SNP president, acting CEO and former minister Mike Russell complained, “In my 50-year association with the party this is the biggest and most challenging crisis we’ve ever faced, certainly while we’ve been in government.”

Among the pseudo-left tendencies that have orbited the SNP for years, there is overt panic as all of them try to rescue the perspective of Scottish separatism from the unravelling of the SNP.

Writing before Murrell’s arrest, Scottish Socialist Party co-leader Colin Fox complained, “Many SNP members I talk to privately fear their party is about to embark on the same path Labour in Scotland has followed since devolution, electing a series of short-lived leaders who fail to halt the decline.”

Fox called for an independence convention to bring all the separatist parties together to mobilise “majority support via both parliamentary and extra-parliamentary means.”

Phil Stott of the Socialist Party Scotland presented the SNP’s debacle as arising from a UK state attack on the supposedly “left” perspective of independence. “The SNP is certainly not a left party, let alone a workers’ party. However, its support for the break-up of the UK has put it on collision course with the overwhelming majority of the ruling capitalist class who have welcomed the current SNP debacle.

“Despite our trenchant and consistent opposition to the SNP leadership’s anti-working class policies and bureaucratic methods, we oppose the capitalist state intervening in this way.”

No doubt there is immense schadenfreude in Tory, Labour and UK state circles over the SNP’s travails. But if the SNP has indeed been undone by a police operation, it is one set in motion by Scottish nationalists!

The SNP crisis takes the form of a faction fight between rival, well-connected wings of the Scottish bourgeoisie and upper middle class, none with any qualms about using the state apparatus against their opponents. It is only three years since former SNP leader and First Minister Alex Salmond was acquitted of #MeToo-inspired sex charges instigated by Sturgeon’s close advisers, aided by powerful figures in the Scottish civil service and legal apparatus.

Today, writing in the Scotsman, former Justice Minister Kenny MacAskill, deputy leader of Salmond’s Alba Party and still a Westminster MP, crowed of Sturgeon’s fate, “Many knew and only the timing was unknown. Irrespective of what happens with Peter Murrell, her reputation will not survive and rightly so.”

The attempt by the pseudo-left groups to portray the SNP’s crisis as a product of its insufficient commitment to national separatism is a grotesque political distortion. The SNP’s funding crisis is rooted in a membership decline flowing from the fact that in national and local government, it has imposed brutal cuts on every area of social spending, while also supporting NATO’s war with Russia.

The eruption of a wave of class struggle in Scotland and throughout the UK has fundamentally undermined the attempt by the SNP and its apologists to advance separatism as a left alternative to the austerity and war agenda of the Tories and Labour in Westminster. The SNP has been exposed as just another pro-business party and the prospect of an “independent” Scotland as a reformist paradise for workers revealed as a chimera.

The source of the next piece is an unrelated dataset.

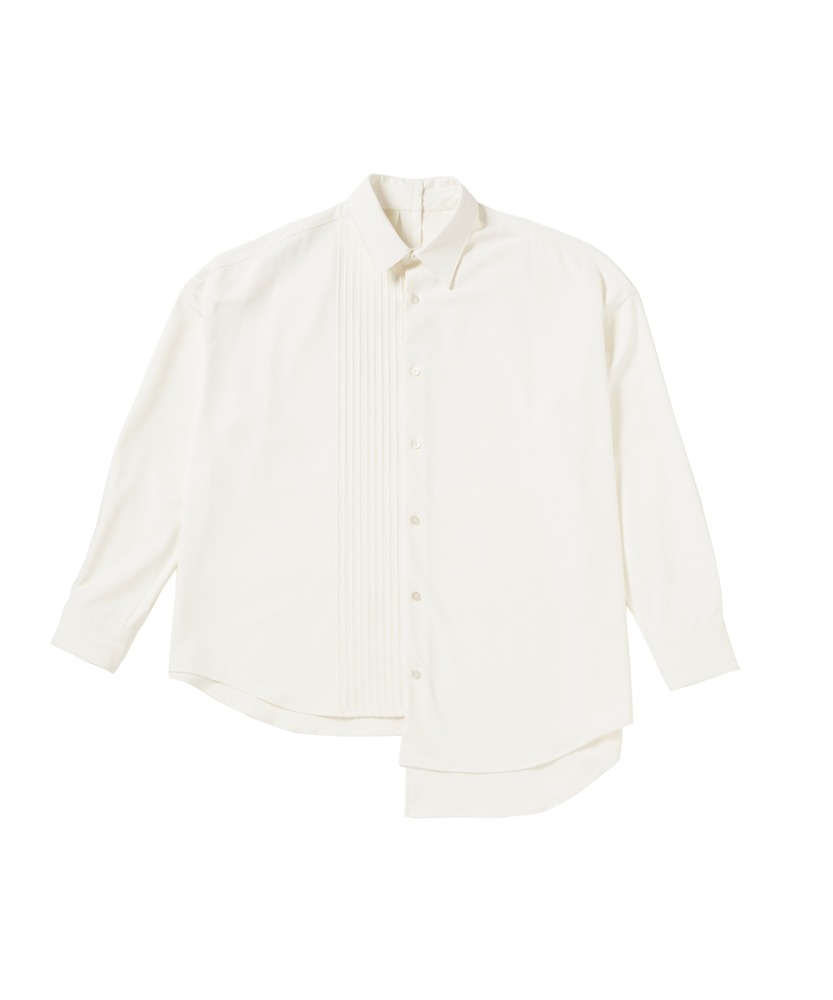 左右で丈に違いのあるアシンメトリーなシャツ。シンプルな白や黒でも縦のプリーツが目立つので、比較的フォーマルでドレスライクな着こなしを楽しむことができます。

Contrary to the nationalist and pseudo-left claims, in the 21st century there is no basis for a tiny Scottish state to offer anything other than social misery, intense exploitation, and authoritarianism, achieved by means of the division and weakening of the working class.

The crisis of the SNP is an initial expression of the fact that class questions are again coming to the fore and in the process revealing the real social forces and interests represented by parties and their programs. Workers in Scotland, England and Wales have common interests which can only be advanced by rejecting all forms of nationalism and uniting with workers internationally in the struggle for socialism.